Galatians Romans 6:4-13

The Supply of the Spirit

Galatians Romans 6:4-13 -- The Supply of the Spirit

This chart shows the structure. What follows explains each part.

Having established the decisive reckoning of being co-crucified with Christ, we now turn to the practical question: what sustains this new life? If the old "I" is dead and Christ lives in me, what is the actual, daily supply that makes this truth an experiential reality? This article examines the Spirit as the singular, dynamic supply that applies the finished work of Christ—both its killing power and its enlivening power—directly to the believer.

Having established that the believer is co-crucified with Christ and that the life now lived is Christ's life received by faith, Paul asks a practical question: what actually sustains that? What is the supply line? The Galatians were being told, in effect, that the supply came through observance -- that keeping the law more carefully, returning to the calendar, submitting to circumcision, these were the mechanisms of spiritual health. Paul's counter-question is the one from chapter three: did you receive the Spirit by the works of the law, or by the hearing of faith? The article turns that question into a full examination of the Spirit as the life of Christ, supplied continuously through faith rather than earned through performance.

Galatians Romans 6:4-13
Therefore we are buried with him by baptism into death that like as Christ was raised up from the dead by the glory of the Father, even so we also should walk in newness of life. For if we have been planted together in the likeness of his death, we shall be also in the likeness of his resurrection: knowing this, that our old man is crucified with him, that the body of sin might be destroyed, that henceforth we should not serve sin. For he that is dead is freed from sin. Now if we be dead with Christ, we believe that we shall also live with him: knowing that Christ being raised from the dead dieth no more; death hath no more dominion over him. For in that he died, he died unto sin once: but in that he liveth, he liveth unto God. Likewise reckon ye also yourselves to be dead indeed unto sin, but alive unto God through Jesus Christ our Lord. Let not sin therefore reign in your mortal body, that ye should obey it in the lusts thereof. Neither yield ye your members as instruments of unrighteousness unto sin: but yield yourselves unto God, as those that are alive from the dead, and your members as instruments of righteousness unto God. For sin shall not have dominion over you: for ye are not under the law, but under grace.

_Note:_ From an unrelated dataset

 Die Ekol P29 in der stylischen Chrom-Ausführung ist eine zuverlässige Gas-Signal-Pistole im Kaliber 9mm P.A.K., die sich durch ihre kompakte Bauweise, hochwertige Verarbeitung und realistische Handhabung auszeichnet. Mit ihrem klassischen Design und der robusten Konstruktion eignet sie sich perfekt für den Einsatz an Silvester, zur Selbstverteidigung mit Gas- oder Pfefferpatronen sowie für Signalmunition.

The Spirit as the Life of Christ

The Spirit is the Life of Christ for the believer, not as a distant doctrine, but as an immediate and active supply. In Galatians, Paul grounds the believer’s daily walk not in self-effort, but in the living application of Christ’s finished work. The historical realities of Christ—His death upon a wooden cross and the open, empty tomb—are not merely events of the past, but the very foundation of the believer’s present experience. The cross stands for His death to sin and the purging of all that is contrary to God, while the empty tomb proclaims the power of His resurrection life.

The Supply of the Spirit

This finished work is not left as a static accomplishment. Rather, it is brought into the believer’s life by the Supply of the Spirit. Paul describes this supply as the active, personal Spirit of Jesus Christ, who brings the realities of the cross and the resurrection directly into the experience of those who believe. In Galatians 3:2-5, Paul asks, “Received ye the Spirit by the works of the law, or by the hearing of faith?... He therefore that ministereth to you the Spirit, and worketh miracles among you, doeth he it by the works of the law, or by the hearing of faith?” The answer is clear: the Spirit is supplied not by human effort, but by faith in what Christ has accomplished.

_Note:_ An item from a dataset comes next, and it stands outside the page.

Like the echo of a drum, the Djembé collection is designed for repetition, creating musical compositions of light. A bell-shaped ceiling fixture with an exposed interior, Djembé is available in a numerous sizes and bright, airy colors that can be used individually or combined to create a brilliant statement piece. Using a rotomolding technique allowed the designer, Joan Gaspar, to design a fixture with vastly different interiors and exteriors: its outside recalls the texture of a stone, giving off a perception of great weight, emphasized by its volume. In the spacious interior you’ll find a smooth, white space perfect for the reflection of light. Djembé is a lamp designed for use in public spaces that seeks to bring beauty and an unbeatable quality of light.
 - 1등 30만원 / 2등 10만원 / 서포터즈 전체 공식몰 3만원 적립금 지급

This supply is not passive. The Spirit applies two distinct aspects of Christ’s work.

1. The Killing Power of the Cross

First, there is the killing power of the cross. Through the Spirit, the reality of the cross becomes effective in the believer, severing the chains and thorns of the flesh. The “old man” is put to death, not by striving, but by the power of Christ’s death applied by the Spirit. As Paul testifies in Galatians 2:20, “I am crucified with Christ: nevertheless I live; yet not I, but Christ liveth in me.” The believer’s union with Christ in His death is made real by the Spirit, who executes the judgment of the cross upon the flesh.

2. The Impartation of Resurrection Life

Second, the Spirit imparts the resurrection power of Christ’s life. The same Spirit who brings the cross to bear upon the flesh also supplies the living, flourishing power of Christ’s resurrection. The believer is not left empty, but filled with new life. This is not a mere improvement of the old, but the impartation of Christ’s own risen life, active and fruitful. As Paul writes in Romans 6:4, “even so we also should walk in newness of life.” The Spirit is the channel through which this newness flows.

The Culmination: Christ Lived in Us

The culmination of this supply is that the believer, though an earthen vessel, is entirely filled with the living water of the Spirit. This is not theoretical, but practical and positional: “yet not I, but Christ liveth in me” (Galatians 2:20). The Spirit makes this a lived reality, so that the Christian life is not a matter of imitation, but of participation—Christ’s own life supplied and lived out within the believer.

Thus, the single flow of the Supply of the Spirit takes all that Christ has accomplished—His death to sin and His resurrection life—and applies it directly and continually to the believer. The Spirit is not an addendum to the gospel, but the very means by which Christ lives in His people, making the finished work of the cross and the empty tomb the daily experience of all who trust in Him.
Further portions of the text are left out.